EXERCISE AIM>
With the pictures left aside, write out exactly the lines of the listing below from the line with "İsrail’in siyaseten sıkıştığı" to the line with "お客さまがお持ちになった絵に", both included, and only those.

DATA SHOWN section start

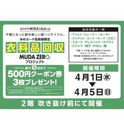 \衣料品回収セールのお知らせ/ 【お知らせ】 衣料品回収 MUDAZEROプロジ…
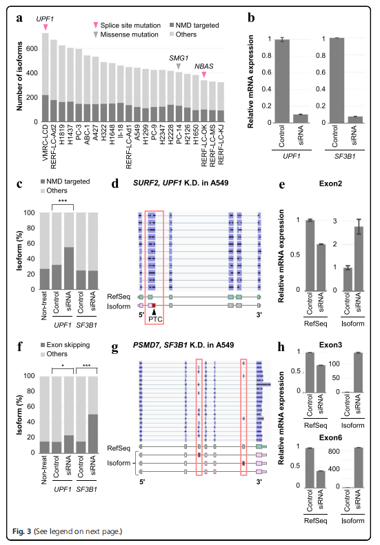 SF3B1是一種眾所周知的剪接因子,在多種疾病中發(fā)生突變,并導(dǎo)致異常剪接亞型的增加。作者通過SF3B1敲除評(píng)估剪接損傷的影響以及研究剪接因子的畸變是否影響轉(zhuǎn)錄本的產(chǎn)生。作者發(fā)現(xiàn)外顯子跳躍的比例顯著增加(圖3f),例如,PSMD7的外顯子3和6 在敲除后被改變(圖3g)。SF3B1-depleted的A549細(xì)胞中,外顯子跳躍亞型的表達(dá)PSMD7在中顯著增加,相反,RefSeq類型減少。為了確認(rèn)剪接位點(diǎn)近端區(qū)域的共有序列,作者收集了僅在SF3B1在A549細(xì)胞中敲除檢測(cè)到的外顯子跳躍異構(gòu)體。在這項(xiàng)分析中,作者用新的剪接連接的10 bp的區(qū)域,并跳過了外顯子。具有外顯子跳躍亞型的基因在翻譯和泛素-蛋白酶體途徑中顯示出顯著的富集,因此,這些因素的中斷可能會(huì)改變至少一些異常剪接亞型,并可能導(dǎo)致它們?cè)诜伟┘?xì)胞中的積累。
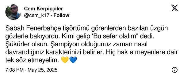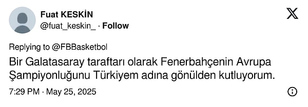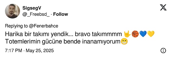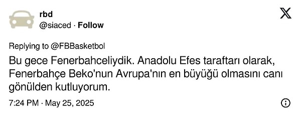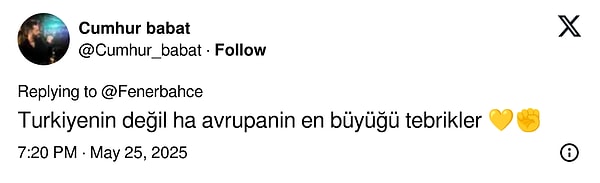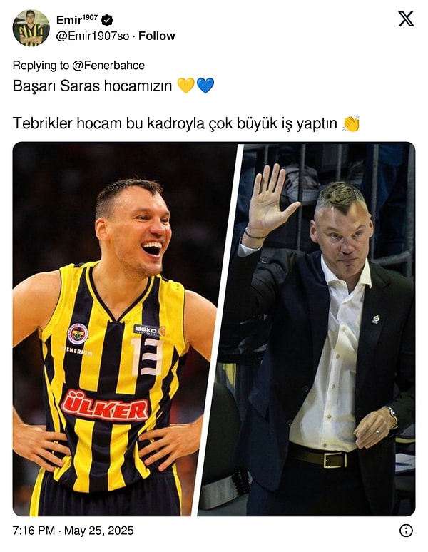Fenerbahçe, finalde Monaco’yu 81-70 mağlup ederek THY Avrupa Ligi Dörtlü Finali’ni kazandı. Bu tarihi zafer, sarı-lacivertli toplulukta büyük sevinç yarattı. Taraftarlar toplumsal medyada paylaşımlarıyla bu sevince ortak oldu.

DATA SHOWN section end
DATA SHOWN section start

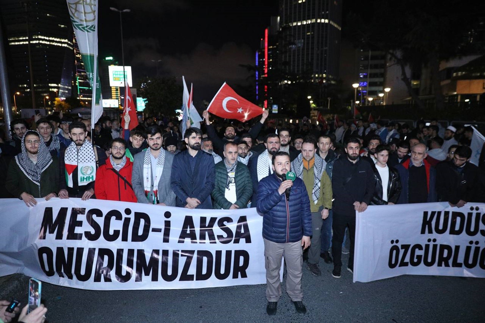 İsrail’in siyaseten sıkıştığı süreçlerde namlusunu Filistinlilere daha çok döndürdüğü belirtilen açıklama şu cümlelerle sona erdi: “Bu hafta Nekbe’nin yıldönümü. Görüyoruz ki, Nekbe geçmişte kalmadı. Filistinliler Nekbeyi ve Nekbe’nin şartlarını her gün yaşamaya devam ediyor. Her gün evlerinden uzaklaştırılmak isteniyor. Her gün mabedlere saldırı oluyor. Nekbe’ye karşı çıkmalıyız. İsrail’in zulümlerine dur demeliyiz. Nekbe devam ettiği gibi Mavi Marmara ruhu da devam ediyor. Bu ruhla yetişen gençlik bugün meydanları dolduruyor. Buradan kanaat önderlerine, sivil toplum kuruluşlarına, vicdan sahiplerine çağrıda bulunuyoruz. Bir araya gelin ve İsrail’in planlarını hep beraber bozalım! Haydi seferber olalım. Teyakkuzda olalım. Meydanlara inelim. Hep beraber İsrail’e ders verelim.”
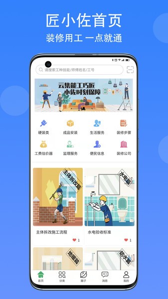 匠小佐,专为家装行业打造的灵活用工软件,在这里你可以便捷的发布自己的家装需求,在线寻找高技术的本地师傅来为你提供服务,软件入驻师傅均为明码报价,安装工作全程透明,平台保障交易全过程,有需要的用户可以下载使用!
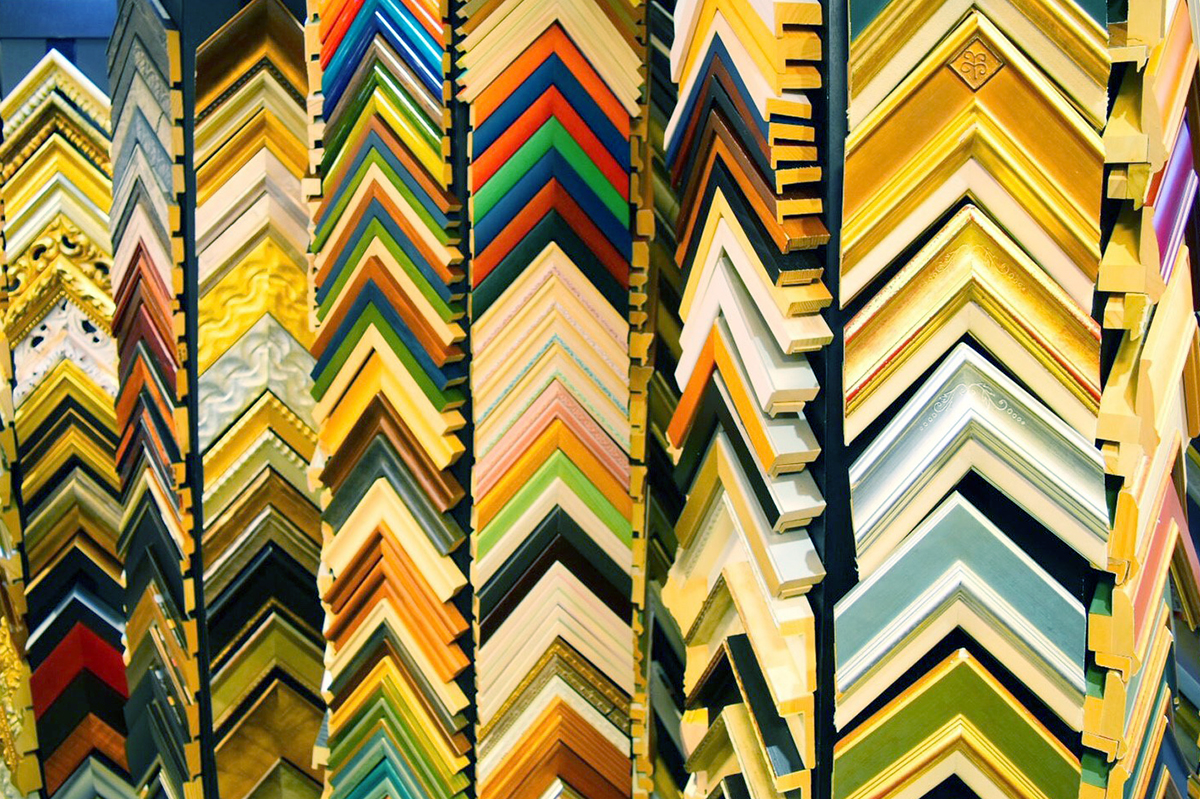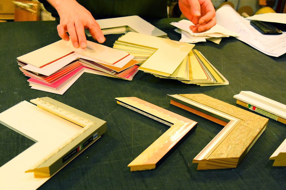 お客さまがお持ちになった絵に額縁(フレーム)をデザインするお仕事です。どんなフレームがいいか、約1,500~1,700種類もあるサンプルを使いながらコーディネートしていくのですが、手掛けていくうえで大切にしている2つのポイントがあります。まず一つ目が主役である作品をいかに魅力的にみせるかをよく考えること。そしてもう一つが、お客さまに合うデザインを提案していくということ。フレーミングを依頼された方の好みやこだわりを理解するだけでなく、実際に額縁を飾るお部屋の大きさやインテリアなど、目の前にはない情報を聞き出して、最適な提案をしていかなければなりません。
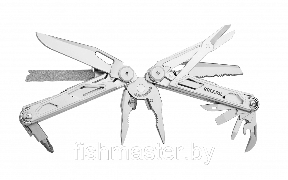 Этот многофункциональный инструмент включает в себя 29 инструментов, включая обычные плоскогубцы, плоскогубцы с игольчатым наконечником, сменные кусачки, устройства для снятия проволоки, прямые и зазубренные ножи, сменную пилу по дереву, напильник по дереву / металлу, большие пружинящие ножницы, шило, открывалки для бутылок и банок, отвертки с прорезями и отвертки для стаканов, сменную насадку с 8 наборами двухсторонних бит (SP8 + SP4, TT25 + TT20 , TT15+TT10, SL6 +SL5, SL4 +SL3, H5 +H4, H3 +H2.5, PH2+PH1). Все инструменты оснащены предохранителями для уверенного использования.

DATA SHOWN section end

RESULT OF THIS TASK>
 İsrail’in siyaseten sıkıştığı süreçlerde namlusunu Filistinlilere daha çok döndürdüğü belirtilen açıklama şu cümlelerle sona erdi: “Bu hafta Nekbe’nin yıldönümü. Görüyoruz ki, Nekbe geçmişte kalmadı. Filistinliler Nekbeyi ve Nekbe’nin şartlarını her gün yaşamaya devam ediyor. Her gün evlerinden uzaklaştırılmak isteniyor. Her gün mabedlere saldırı oluyor. Nekbe’ye karşı çıkmalıyız. İsrail’in zulümlerine dur demeliyiz. Nekbe devam ettiği gibi Mavi Marmara ruhu da devam ediyor. Bu ruhla yetişen gençlik bugün meydanları dolduruyor. Buradan kanaat önderlerine, sivil toplum kuruluşlarına, vicdan sahiplerine çağrıda bulunuyoruz. Bir araya gelin ve İsrail’in planlarını hep beraber bozalım! Haydi seferber olalım. Teyakkuzda olalım. Meydanlara inelim. Hep beraber İsrail’e ders verelim.”
 匠小佐,专为家装行业打造的灵活用工软件,在这里你可以便捷的发布自己的家装需求,在线寻找高技术的本地师傅来为你提供服务,软件入驻师傅均为明码报价,安装工作全程透明,平台保障交易全过程,有需要的用户可以下载使用!
 お客さまがお持ちになった絵に額縁(フレーム)をデザインするお仕事です。どんなフレームがいいか、約1,500~1,700種類もあるサンプルを使いながらコーディネートしていくのですが、手掛けていくうえで大切にしている2つのポイントがあります。まず一つ目が主役である作品をいかに魅力的にみせるかをよく考えること。そしてもう一つが、お客さまに合うデザインを提案していくということ。フレーミングを依頼された方の好みやこだわりを理解するだけでなく、実際に額縁を飾るお部屋の大きさやインテリアなど、目の前にはない情報を聞き出して、最適な提案をしていかなければなりません。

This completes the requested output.